Breaking the Line

I sighed.  “No, I'm not.  I don't have anything to do with the drug gangs.  I suppose I should just tell you and you can decide if you want to leave me at the side of the road or not.”

So I told her.  And she said nothing for a few minutes – minutes bringing me closer to the airport, I was aware enough to note.

“Los Allegres probably have someone watching for you at the terminal.  Here's what we do: we follow a shuttle van or a charter bus.  You get out at the same time it unloads and you mingle with the tourists.  They can't kill you in a crowd – you are the witness they are trying to eliminate; they don't want to create twenty more.  I hope.”

I cringed at 'I hope' but my reply was sincere: “Gracias, Teresa, gracias.  I am deeply, deeply in your debt.”

“I suppose it does more than repay fixing a flat tire,” she said, slowing and pulling to a stop along the shoulder.  “Now, if you don't mind taking off the license plates, I'm going to – how you say – disguise myself while we wait for a bus to come by.”

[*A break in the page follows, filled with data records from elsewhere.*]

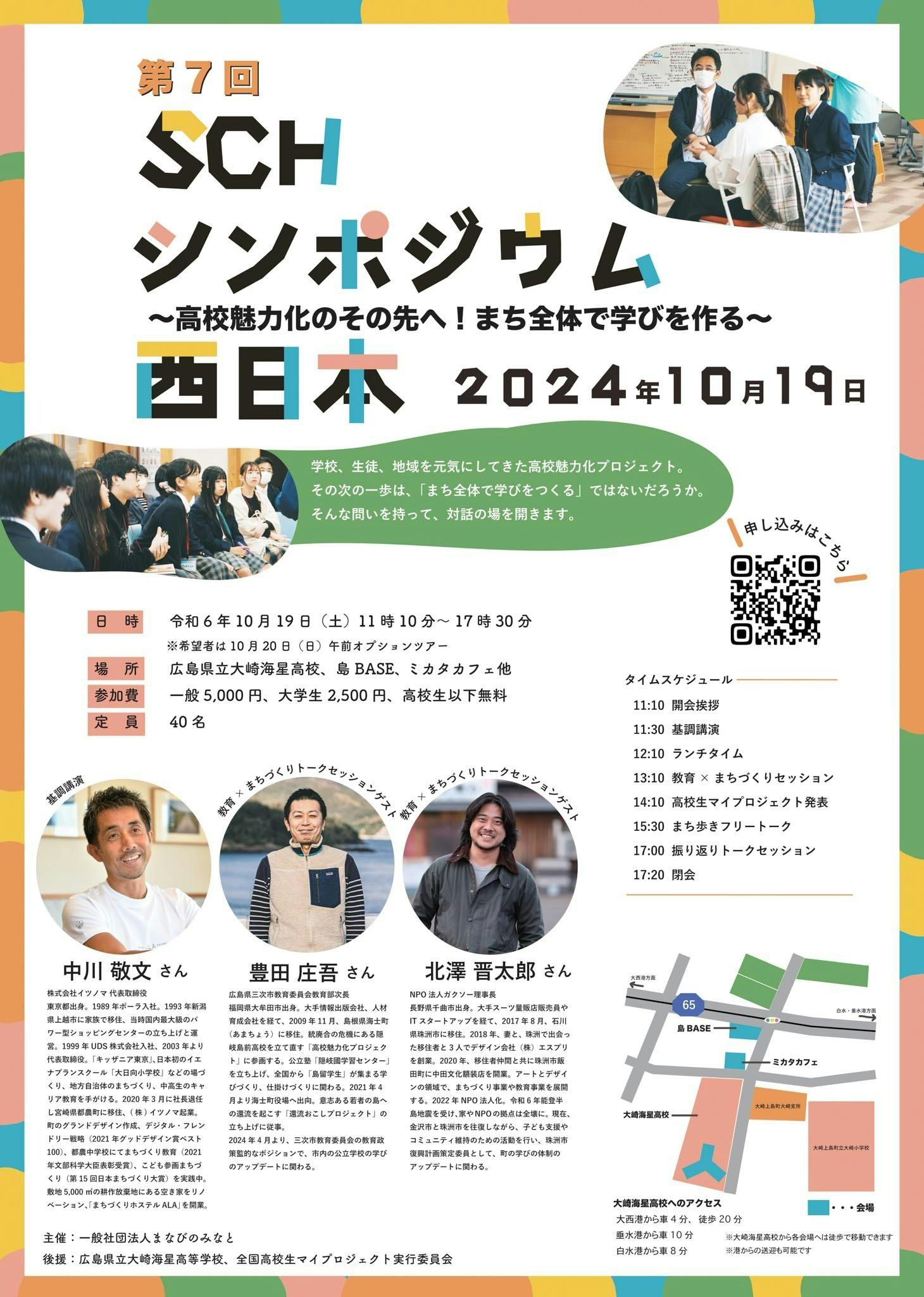 そこで、想いを持つ全国の地域×教育の実践者の皆様や教育者の皆様に応援していただき、今年のSCHシンポジウム西日本を共に創っていきたいと考えております!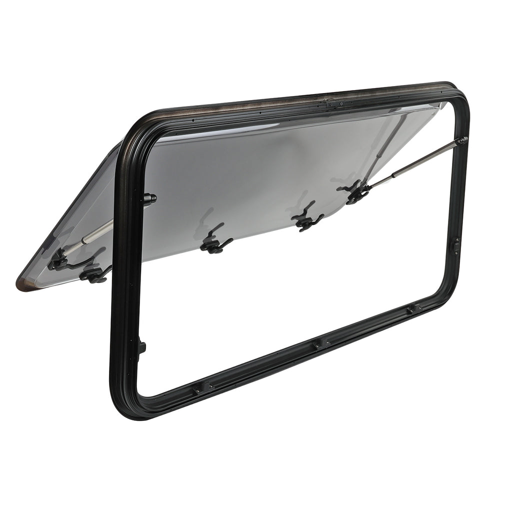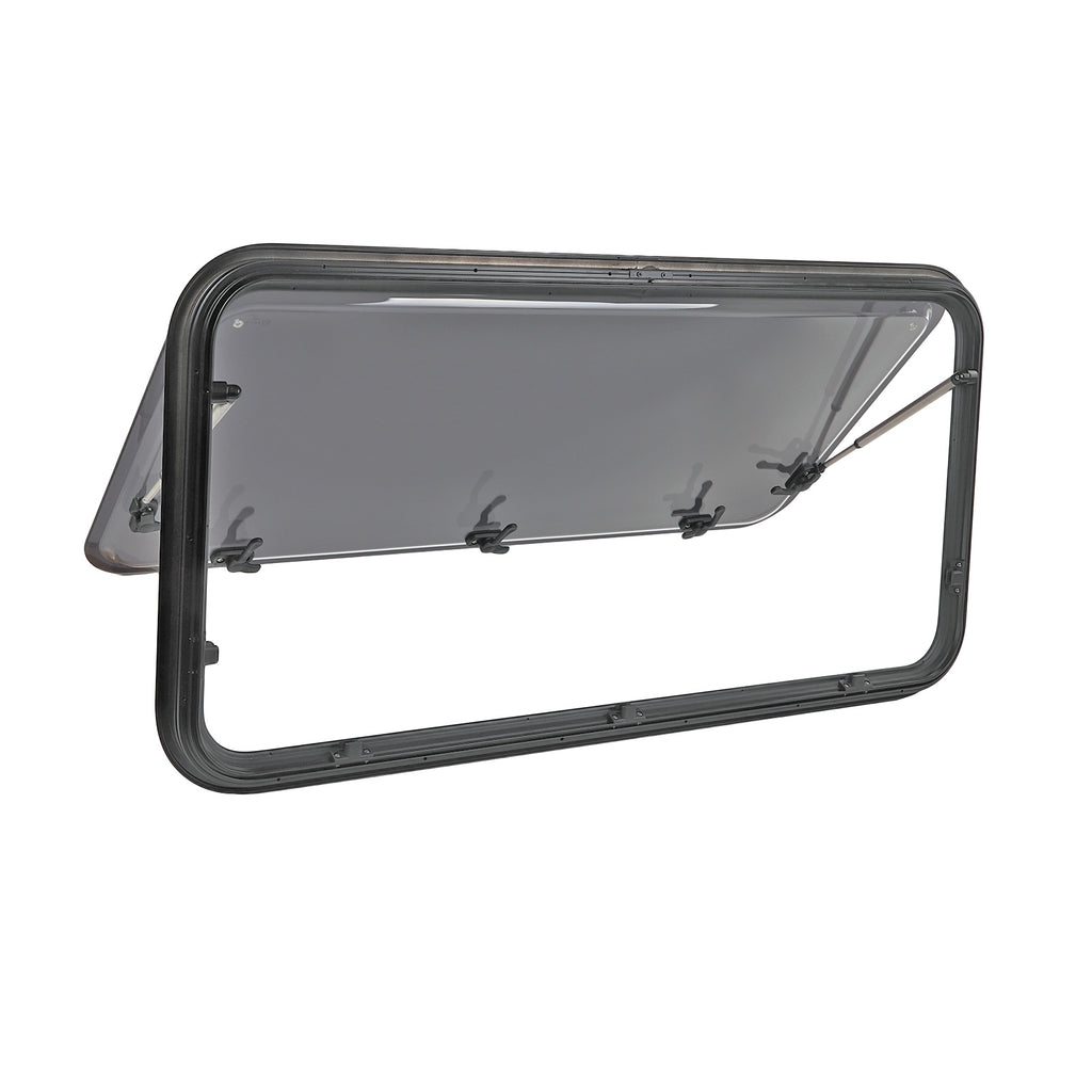 Das wamovo Ausstellfenster aus Acrylglas ist ein echter Hingucker! Die Scheibe schließt flächenbündig mit dem hochwertigen, schwarzen Aluminiumrahmen ab. Das Fenster lässt sich über den Teleskopaussteller verstellen. Die getönte doppel-acrylverglaste Scheibe isoliert hervorragend.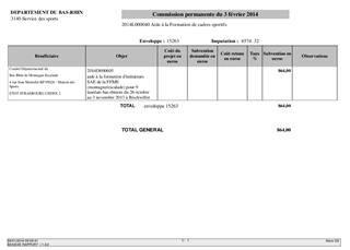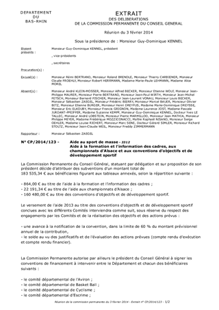 Aide à la formation et l’information des cadres, aux championnats d’Alsace et aux conventions d’objectifs et de développement sportif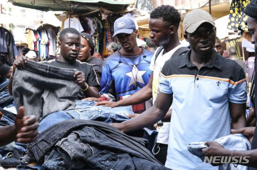 [캄팔라=AP/뉴시스] 2일(현지 시간) CNN에 따르면 나이지리아 경제학자 비스마크 르와네는 "아프리카는 곧바로 중국의 손아귀에 들어가게 될 것"이라며 "이것은 불행한 결과"라고 평가했다. 사진은 2023년 우간다 캄팔라의 오위노 시장에서 사람들이 중고 의류를 사고 있는 모습. 2025.08.02. |

She did, in fact, look like a completely different person by the time a big air conditioned cruiser rumbled by full of sunburned tourists returning to the airport for flights home, their neatly packaged, time-managed vacations at an end.  I don't know how she did it; sunglasses, some alterations to her hair and makeup, and she was nearly unrecognizable.  Still looked good though.